*** Opening Information shown ***
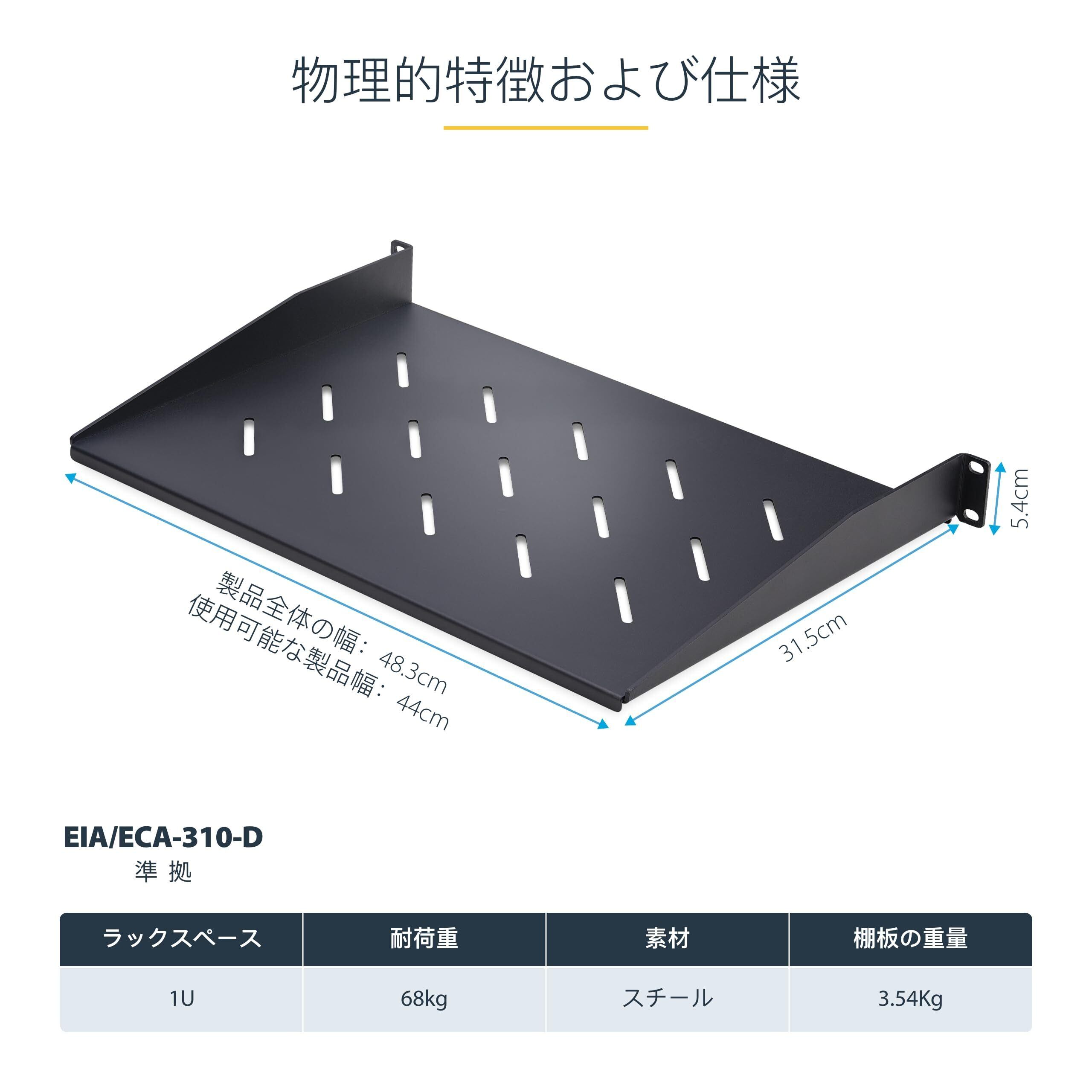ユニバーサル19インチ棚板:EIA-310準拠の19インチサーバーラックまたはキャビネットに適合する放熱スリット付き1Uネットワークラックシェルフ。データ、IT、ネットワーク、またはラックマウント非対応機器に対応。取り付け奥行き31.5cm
*** Closing Information shown ***
*** Opening Information shown ***
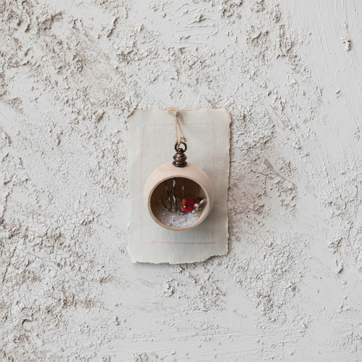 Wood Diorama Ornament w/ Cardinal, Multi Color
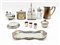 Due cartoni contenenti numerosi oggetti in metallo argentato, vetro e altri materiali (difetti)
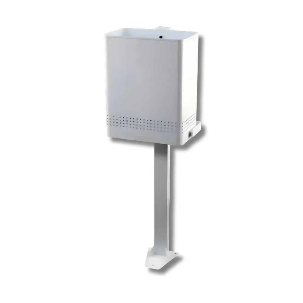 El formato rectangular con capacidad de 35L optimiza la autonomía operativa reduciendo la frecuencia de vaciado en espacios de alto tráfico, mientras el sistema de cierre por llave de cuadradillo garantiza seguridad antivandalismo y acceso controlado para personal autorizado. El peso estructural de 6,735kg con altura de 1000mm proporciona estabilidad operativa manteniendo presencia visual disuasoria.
*** Closing Information shown ***
Which part of the entries opens with the line containing "Due cartoni contenenti" and closes with the line containing "El formato rectangular"? Output that part exactly, ends included, pictures excluded.

 Due cartoni contenenti numerosi oggetti in metallo argentato, vetro e altri materiali (difetti)
 El formato rectangular con capacidad de 35L optimiza la autonomía operativa reduciendo la frecuencia de vaciado en espacios de alto tráfico, mientras el sistema de cierre por llave de cuadradillo garantiza seguridad antivandalismo y acceso controlado para personal autorizado. El peso estructural de 6,735kg con altura de 1000mm proporciona estabilidad operativa manteniendo presencia visual disuasoria.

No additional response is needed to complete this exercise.